Source records

§

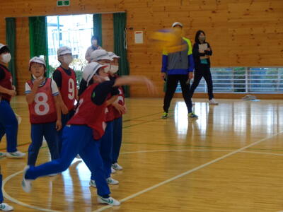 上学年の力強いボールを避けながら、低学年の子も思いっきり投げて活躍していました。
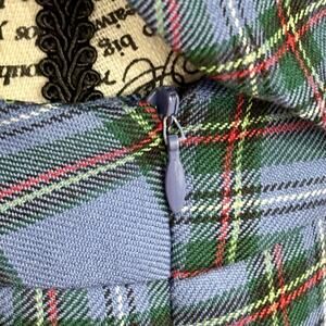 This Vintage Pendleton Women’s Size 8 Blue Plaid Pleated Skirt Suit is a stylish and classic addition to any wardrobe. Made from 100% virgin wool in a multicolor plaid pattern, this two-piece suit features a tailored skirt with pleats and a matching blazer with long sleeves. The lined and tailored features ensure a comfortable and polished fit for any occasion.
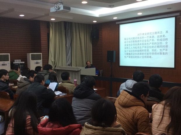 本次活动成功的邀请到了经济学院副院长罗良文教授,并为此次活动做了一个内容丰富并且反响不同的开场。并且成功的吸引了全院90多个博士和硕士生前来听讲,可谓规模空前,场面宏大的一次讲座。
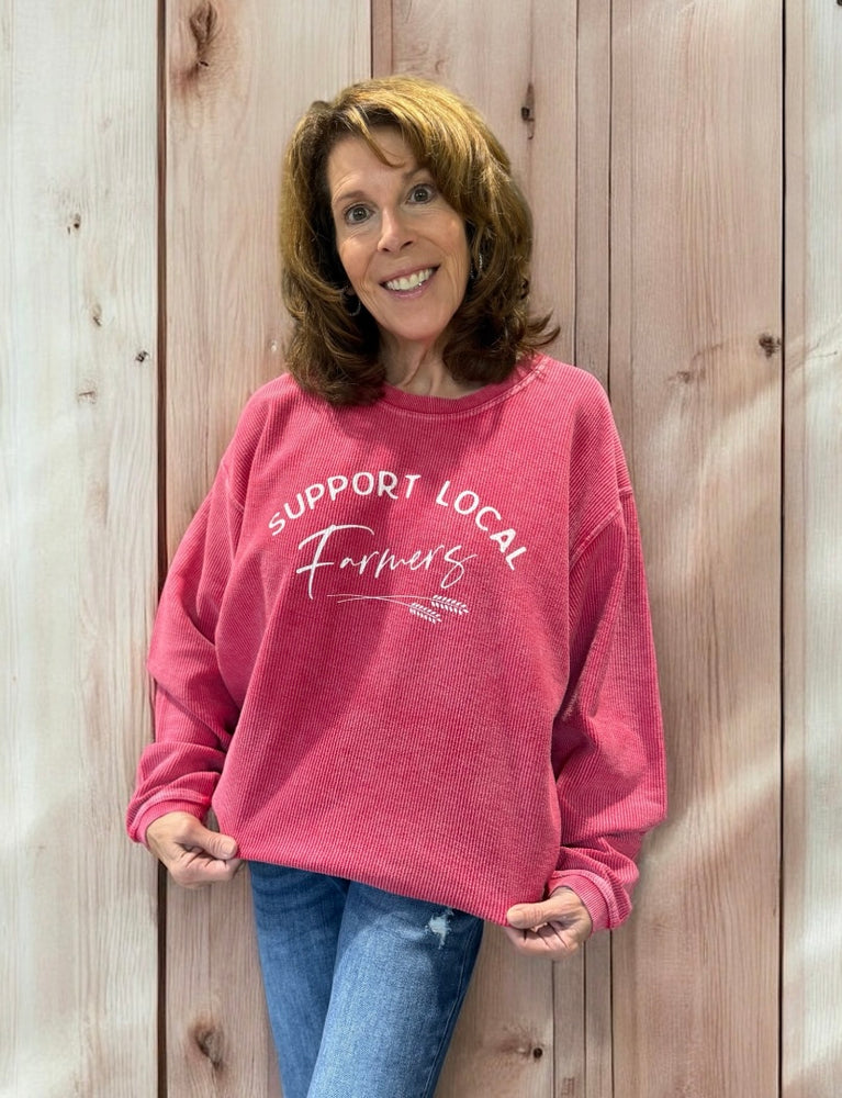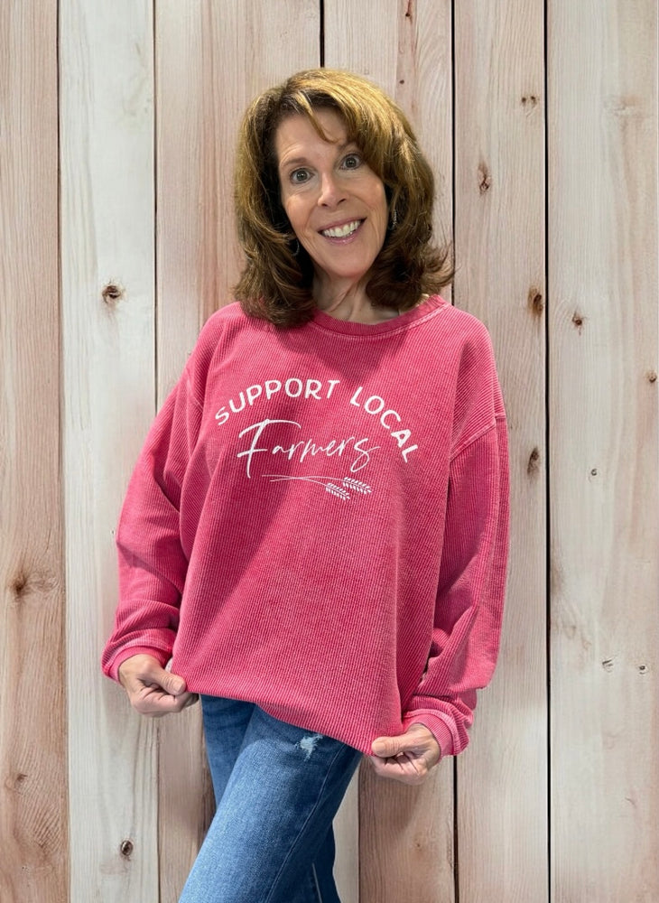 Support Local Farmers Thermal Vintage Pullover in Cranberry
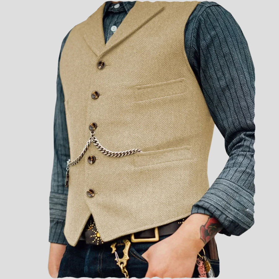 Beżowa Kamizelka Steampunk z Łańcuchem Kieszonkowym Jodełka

§

> [Problem description]: Each record above must be returned exactly as written, with its pictures omitted.

> [Final answer]:
 上学年の力強いボールを避けながら、低学年の子も思いっきり投げて活躍していました。
 This Vintage Pendleton Women’s Size 8 Blue Plaid Pleated Skirt Suit is a stylish and classic addition to any wardrobe. Made from 100% virgin wool in a multicolor plaid pattern, this two-piece suit features a tailored skirt with pleats and a matching blazer with long sleeves. The lined and tailored features ensure a comfortable and polished fit for any occasion.
 本次活动成功的邀请到了经济学院副院长罗良文教授,并为此次活动做了一个内容丰富并且反响不同的开场。并且成功的吸引了全院90多个博士和硕士生前来听讲,可谓规模空前,场面宏大的一次讲座。
 Support Local Farmers Thermal Vintage Pullover in Cranberry
 Beżowa Kamizelka Steampunk z Łańcuchem Kieszonkowym Jodełka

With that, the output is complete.